[Dataset entries]
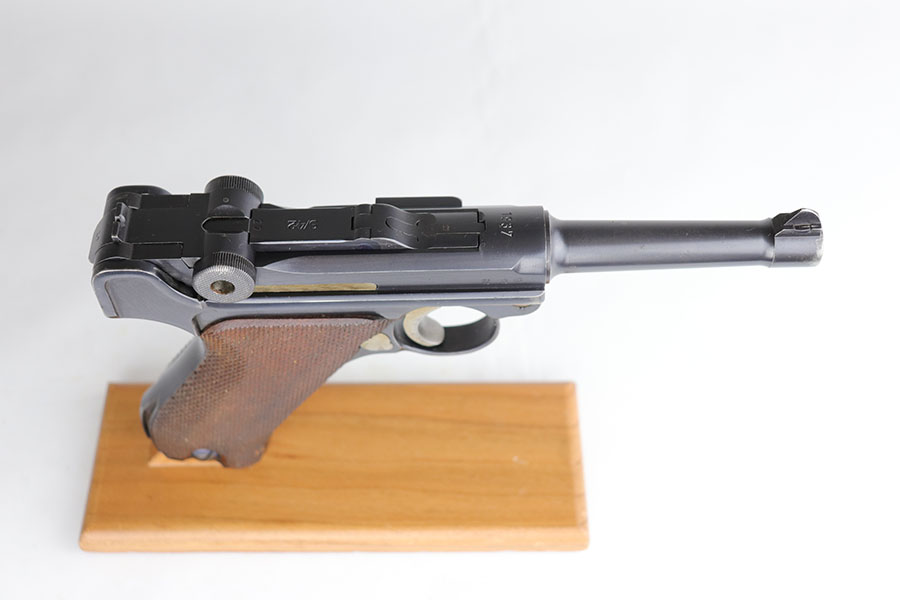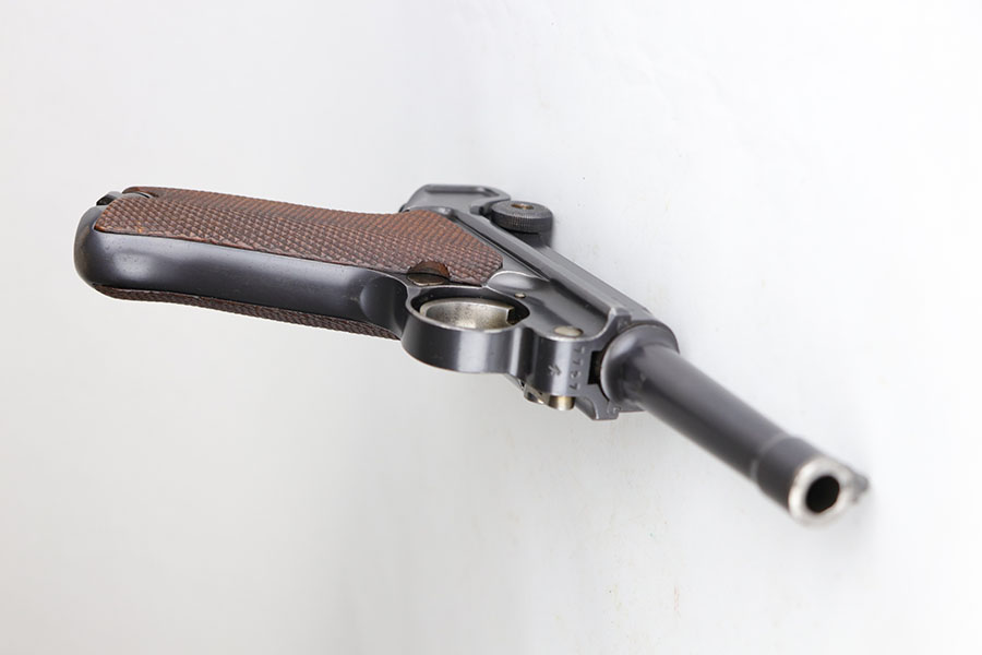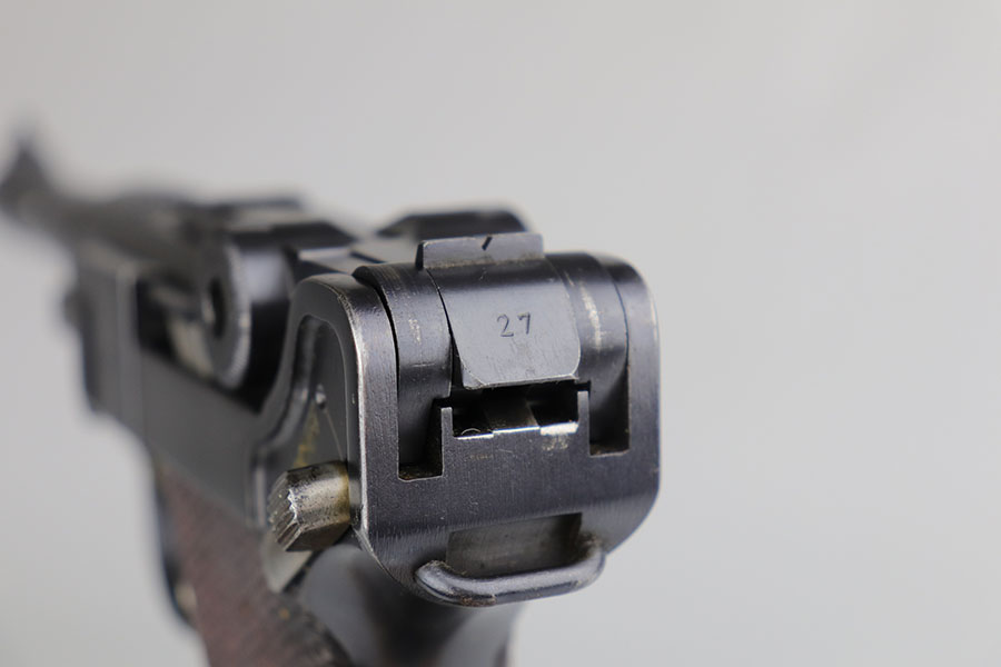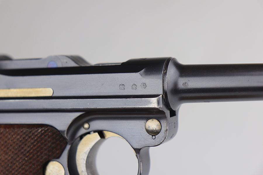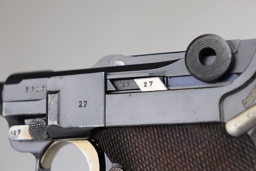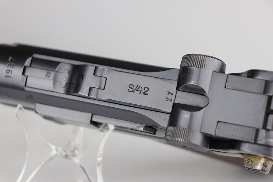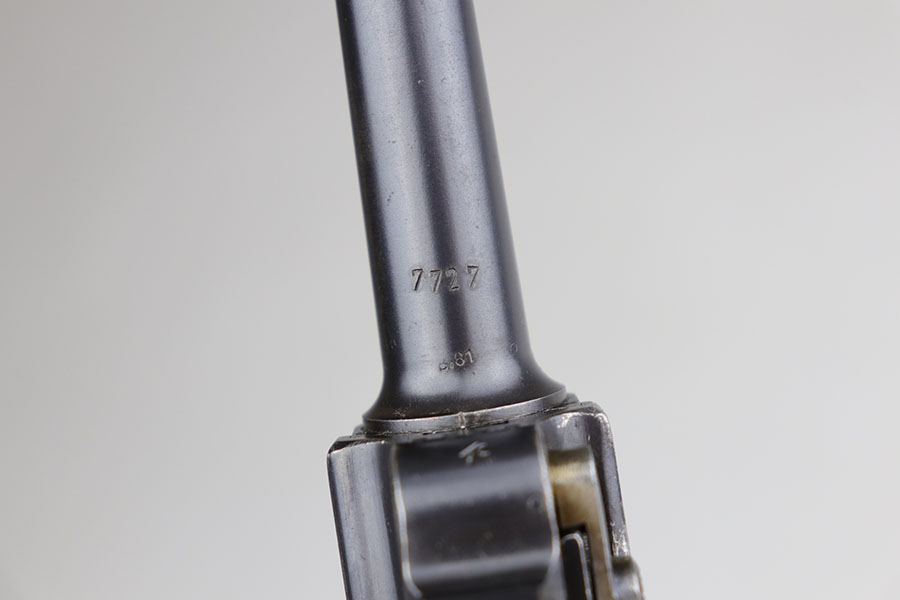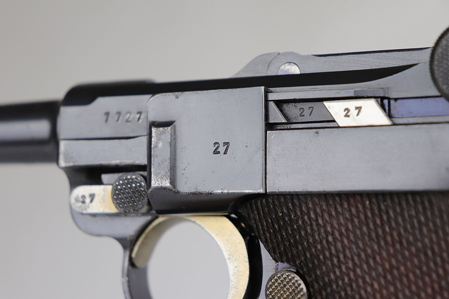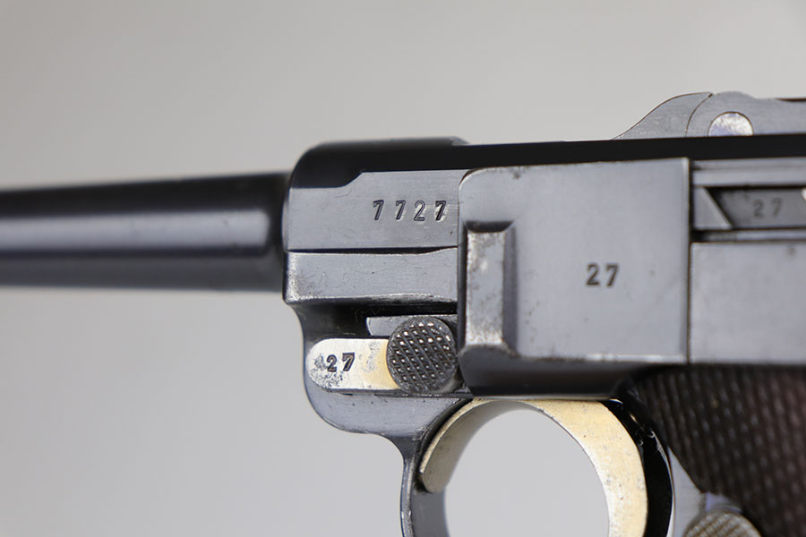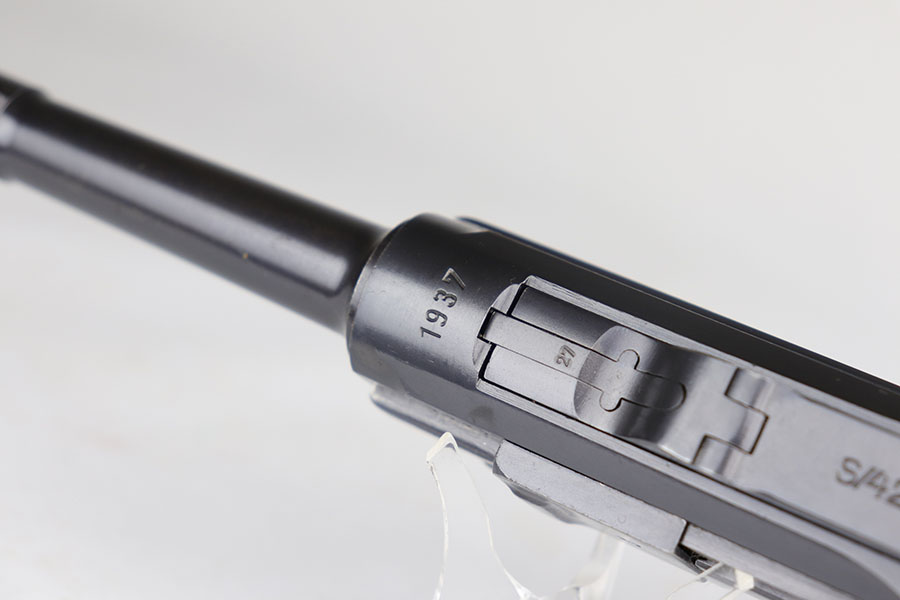 7/13/20 – This is an excellent 1937 Mauser Luger with original, matching magazine. It’s a first variation example with strawed small parts. There were only about 37,000 first variation pistols produced, as compared to about 89,000 second variation pistols with blued small parts. This one has 95+% of the original blue, with standard muzzle and sideplate wear, as well as an area of finish loss on the bottom of the front strap. The small parts retain about 90% of the original straw. There is some surface freckling on the sideplate and muzzle. Excellent bore. Grips are unmarked but fit perfectly and in excellent condition.
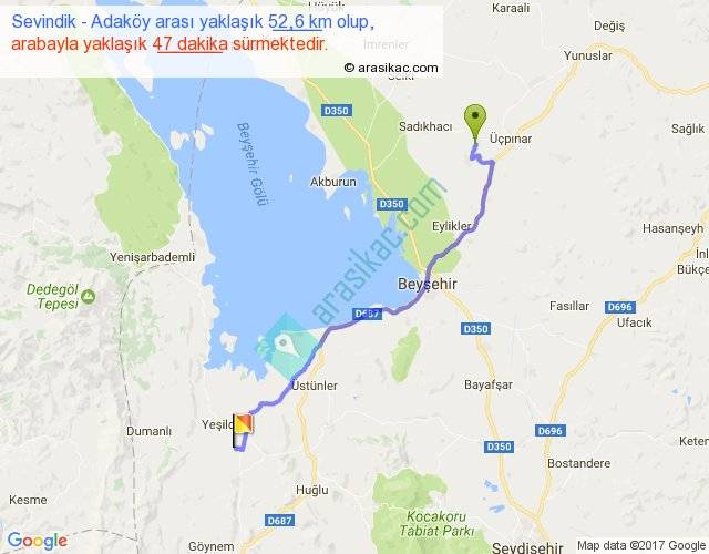 Sevindik - Adaköy arası yaklaşık olarak 90 km/h ile yukarıda belirtilen sürede olup, iki yerin kuş uçuşu uzaklığı (mesafesi) 42'dir. Yolculuk otobüsle 1 saat 1 dakika sürmektedir.
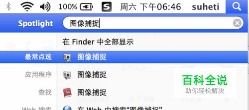 点开电脑屏幕右上角的放大镜(Spotlight 功能),输入“图像捕捉” (或英文Image Capture),打开搜索结果中的该程序。
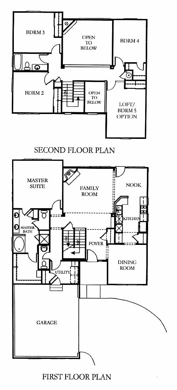 Two-story home with fifth bedroom loft option. Main floor master w/walk-in closet and deluxe bath. Family room with two story ceiling. Formal dining room and large kitchen w/nook. Exceptional elevation w/front swing entry and a two car garage.
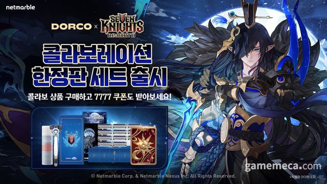 제품 구매 시 영웅 소환 이용권 7개, 펫 소환 이용권 7개, 픽업 영웅 소환 이용권 7개, 루비 700개가 포함된 도루코 X 세븐나이츠 리버스 7777 쿠폰을 증정한다.
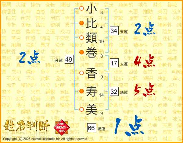 小比類巻香寿美さんの外運は49画の2点!
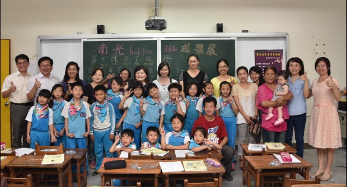 縣府在埔里鎮南光國小辦理「推動客語薪傳師傳習計畫」南光Hakka班學習成果展,由薪傳師林彥妗帶領十五位一、二年級學童演唱客語歌謠,展現學習成果,讓家長瞭解縣府推動客語的用心,鼓勵學童學習客語,使客語傳承真正札根。
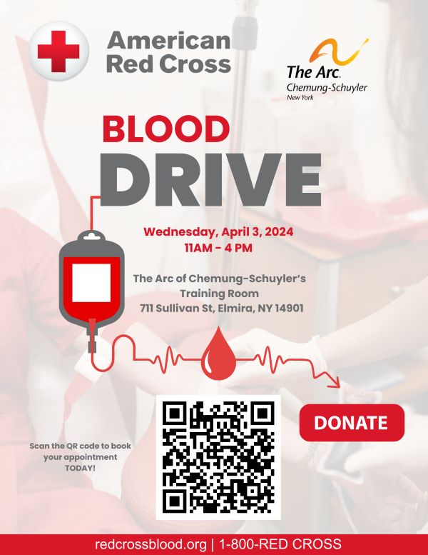 You’ll have another chance to donate the gift of life when the Arc of Chemung-Schuyler hosts a blood drive in conjunction with the American Red Cross.
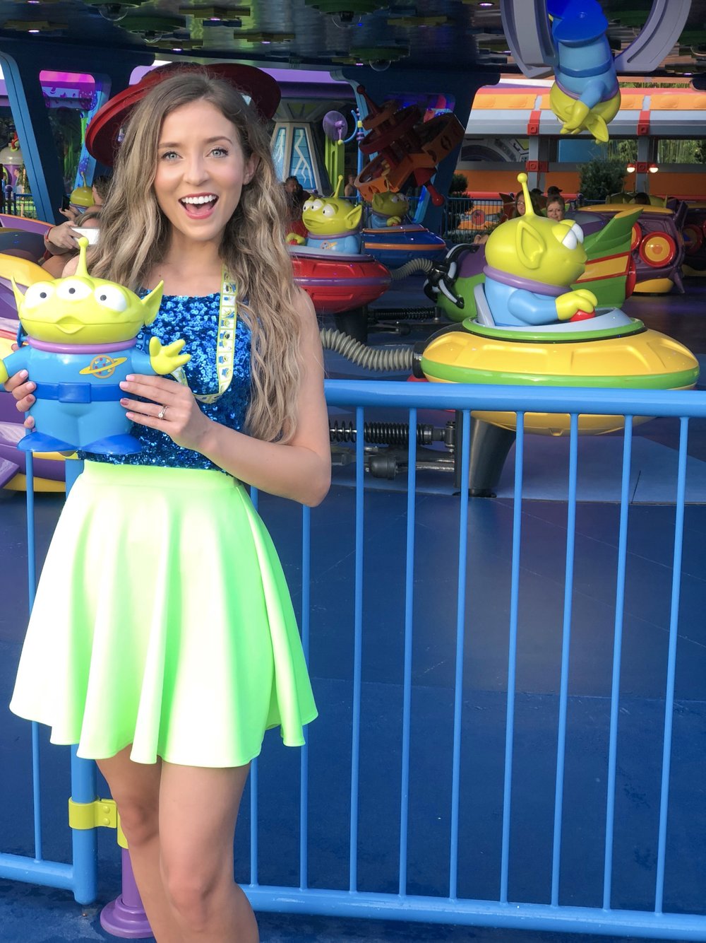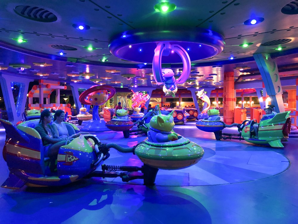 With fun music blasting and flashing lights, this ride felt more like a party! The upbeat energy and the spinning of the spaceships make this ride fun for everybody, not to mention getting to see our favorite green aliens! Be sure to ride this ride at night to really see the lights come out.
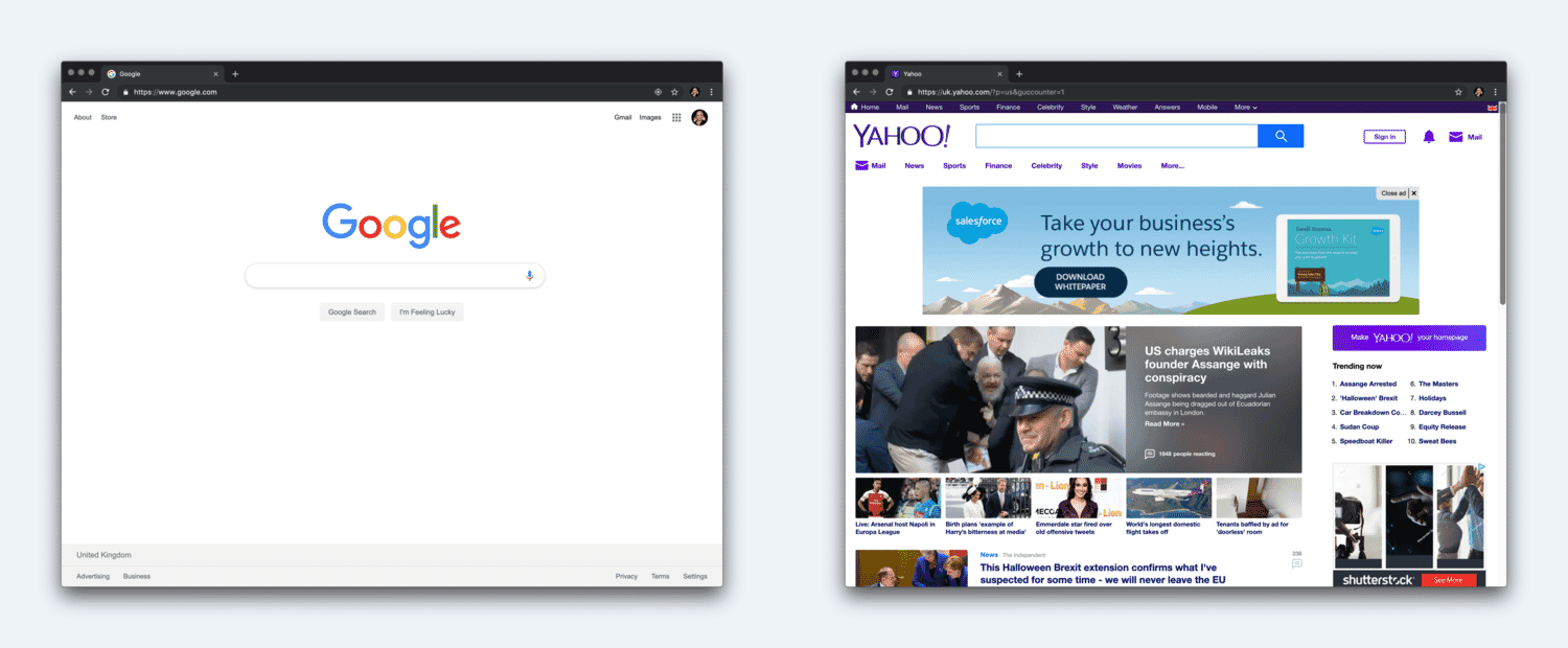 5. 次に、GoogleとYahooのページを開いて、並べて表示します。そして参加者に、どちらがうまく行っているか聞いてみましょう。ほとんどの人がGoogleだと答えるはずです。

• **Required action**: Only the lines from the one holding "小比類巻香寿美さんの外運は49画の2点!" to the last line of the entries above should be printed, exactly as they appear and with no pictures.

• **Written answer**:
 小比類巻香寿美さんの外運は49画の2点!
 縣府在埔里鎮南光國小辦理「推動客語薪傳師傳習計畫」南光Hakka班學習成果展,由薪傳師林彥妗帶領十五位一、二年級學童演唱客語歌謠,展現學習成果,讓家長瞭解縣府推動客語的用心,鼓勵學童學習客語,使客語傳承真正札根。
 You’ll have another chance to donate the gift of life when the Arc of Chemung-Schuyler hosts a blood drive in conjunction with the American Red Cross.
 With fun music blasting and flashing lights, this ride felt more like a party! The upbeat energy and the spinning of the spaceships make this ride fun for everybody, not to mention getting to see our favorite green aliens! Be sure to ride this ride at night to really see the lights come out.
 5. 次に、GoogleとYahooのページを開いて、並べて表示します。そして参加者に、どちらがうまく行っているか聞いてみましょう。ほとんどの人がGoogleだと答えるはずです。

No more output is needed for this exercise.